Exactly retype the opening line of the entries and every line after it, ending with the line that contains "One of the sections". Skip all pictures.
● ● ● ● ●
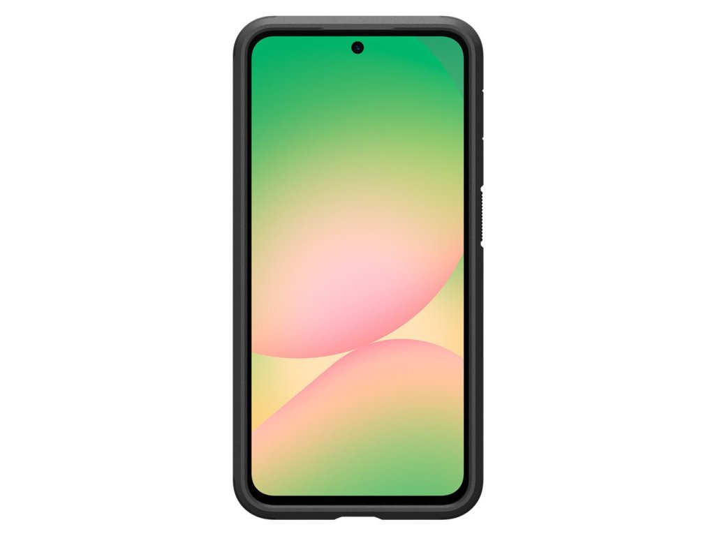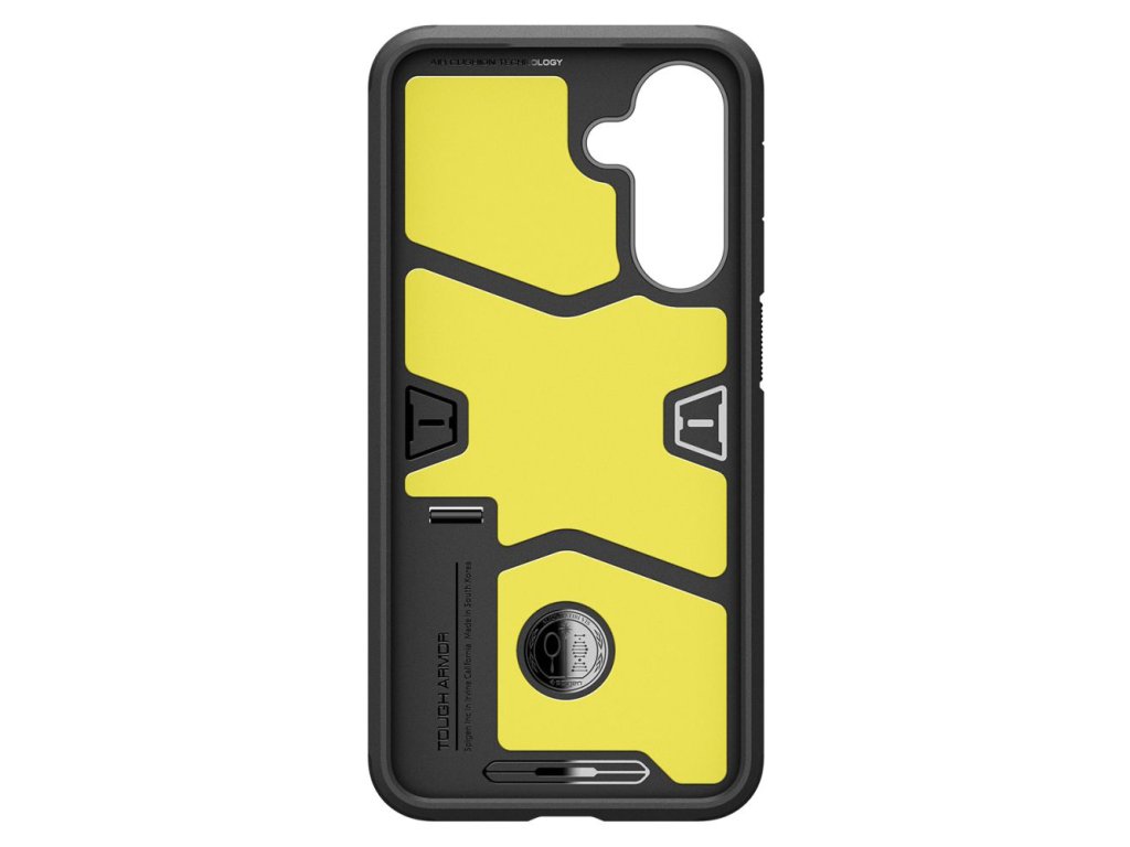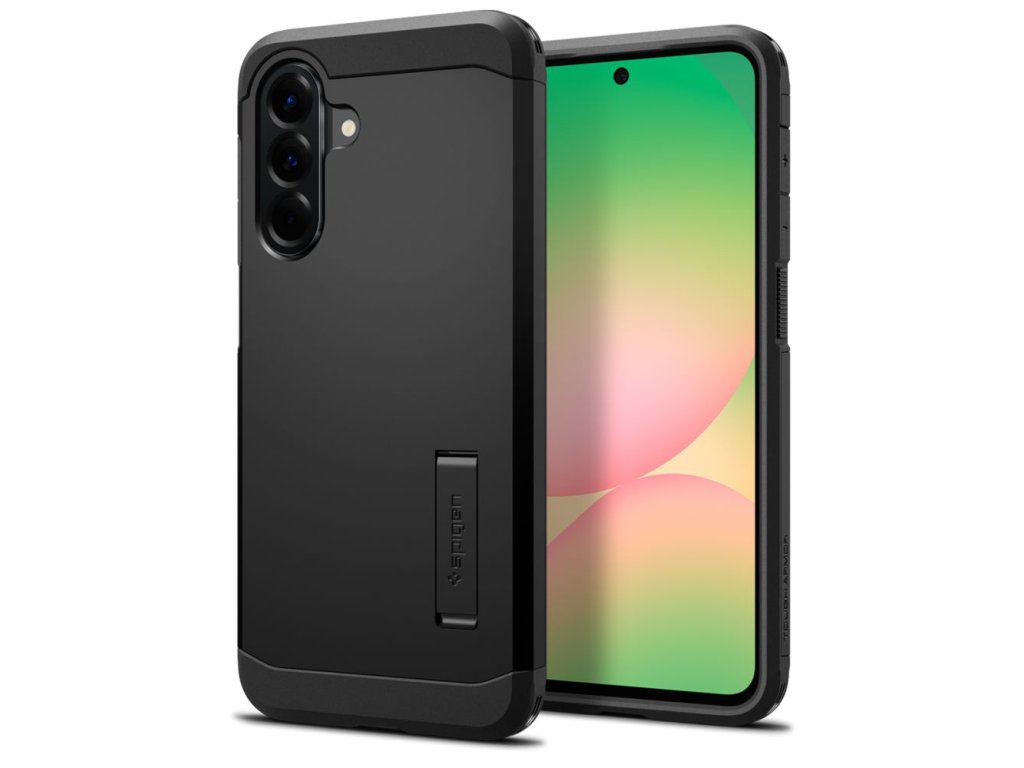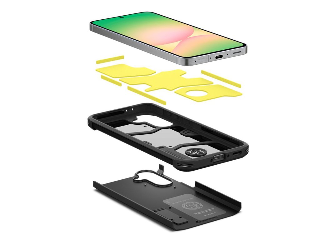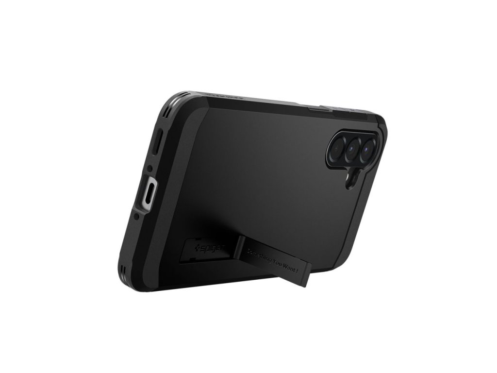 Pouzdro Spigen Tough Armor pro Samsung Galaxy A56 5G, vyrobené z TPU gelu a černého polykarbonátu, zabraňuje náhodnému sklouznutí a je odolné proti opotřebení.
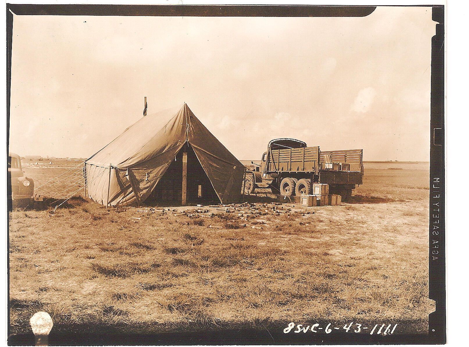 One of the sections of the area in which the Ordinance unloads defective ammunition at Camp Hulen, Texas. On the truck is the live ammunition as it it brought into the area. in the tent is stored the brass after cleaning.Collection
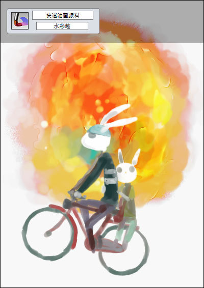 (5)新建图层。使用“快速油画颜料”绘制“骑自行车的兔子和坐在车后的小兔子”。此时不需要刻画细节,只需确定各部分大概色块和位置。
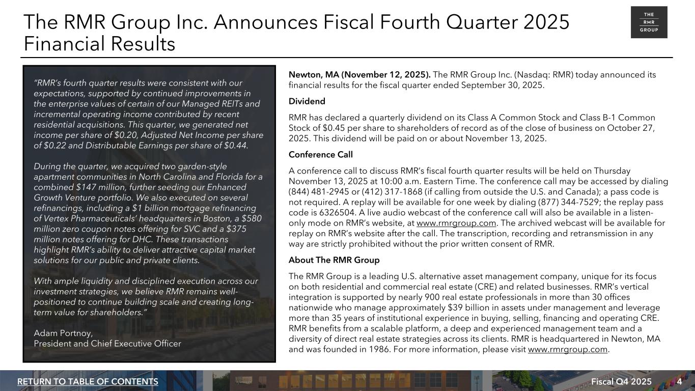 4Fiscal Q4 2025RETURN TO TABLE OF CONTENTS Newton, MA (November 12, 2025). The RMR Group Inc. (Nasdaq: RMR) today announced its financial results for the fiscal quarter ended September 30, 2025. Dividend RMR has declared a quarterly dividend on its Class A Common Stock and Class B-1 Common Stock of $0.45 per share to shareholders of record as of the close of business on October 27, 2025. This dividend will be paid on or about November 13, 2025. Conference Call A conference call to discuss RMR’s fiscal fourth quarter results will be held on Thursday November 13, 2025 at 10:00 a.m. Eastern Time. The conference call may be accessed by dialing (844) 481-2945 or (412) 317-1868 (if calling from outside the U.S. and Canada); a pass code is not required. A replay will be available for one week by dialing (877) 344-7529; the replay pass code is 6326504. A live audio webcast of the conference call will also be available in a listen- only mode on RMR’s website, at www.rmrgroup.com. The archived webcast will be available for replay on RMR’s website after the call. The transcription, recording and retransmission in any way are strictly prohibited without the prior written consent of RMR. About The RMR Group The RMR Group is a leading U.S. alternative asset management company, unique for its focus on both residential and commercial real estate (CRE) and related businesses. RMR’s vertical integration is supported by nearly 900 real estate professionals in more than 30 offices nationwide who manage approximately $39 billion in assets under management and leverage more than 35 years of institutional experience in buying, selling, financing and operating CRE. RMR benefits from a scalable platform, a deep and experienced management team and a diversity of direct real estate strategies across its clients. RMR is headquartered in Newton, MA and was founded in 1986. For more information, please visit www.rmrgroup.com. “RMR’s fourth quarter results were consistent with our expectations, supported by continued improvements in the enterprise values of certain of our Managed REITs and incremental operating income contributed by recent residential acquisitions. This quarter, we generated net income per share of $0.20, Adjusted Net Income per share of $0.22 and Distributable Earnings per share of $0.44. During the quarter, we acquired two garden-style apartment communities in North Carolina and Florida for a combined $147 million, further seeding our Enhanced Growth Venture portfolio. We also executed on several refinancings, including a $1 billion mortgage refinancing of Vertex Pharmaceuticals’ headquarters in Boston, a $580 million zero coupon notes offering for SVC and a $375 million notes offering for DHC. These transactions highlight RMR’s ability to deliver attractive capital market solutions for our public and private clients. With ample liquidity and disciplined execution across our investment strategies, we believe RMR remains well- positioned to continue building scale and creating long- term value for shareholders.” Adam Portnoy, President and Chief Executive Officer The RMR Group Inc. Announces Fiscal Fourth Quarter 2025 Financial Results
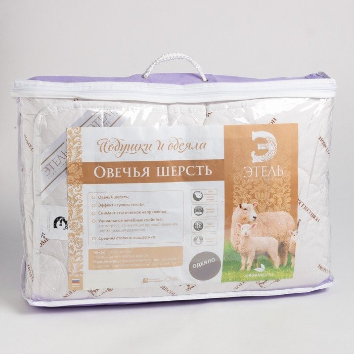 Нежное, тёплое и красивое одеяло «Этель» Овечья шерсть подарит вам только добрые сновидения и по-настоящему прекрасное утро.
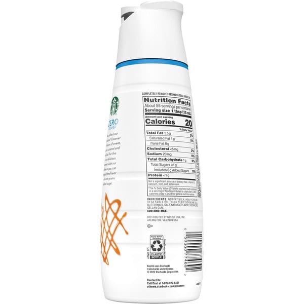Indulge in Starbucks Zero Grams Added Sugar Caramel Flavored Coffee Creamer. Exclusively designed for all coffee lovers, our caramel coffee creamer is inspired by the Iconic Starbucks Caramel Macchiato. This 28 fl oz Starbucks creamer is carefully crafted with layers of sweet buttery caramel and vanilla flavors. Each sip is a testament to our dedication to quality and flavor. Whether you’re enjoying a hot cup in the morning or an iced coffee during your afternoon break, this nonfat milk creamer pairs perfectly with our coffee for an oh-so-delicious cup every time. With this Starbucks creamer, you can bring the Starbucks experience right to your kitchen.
● ● ● ● ●
- **SOLVED PROBLEM**:
 Pouzdro Spigen Tough Armor pro Samsung Galaxy A56 5G, vyrobené z TPU gelu a černého polykarbonátu, zabraňuje náhodnému sklouznutí a je odolné proti opotřebení.
 One of the sections of the area in which the Ordinance unloads defective ammunition at Camp Hulen, Texas. On the truck is the live ammunition as it it brought into the area. in the tent is stored the brass after cleaning.Collection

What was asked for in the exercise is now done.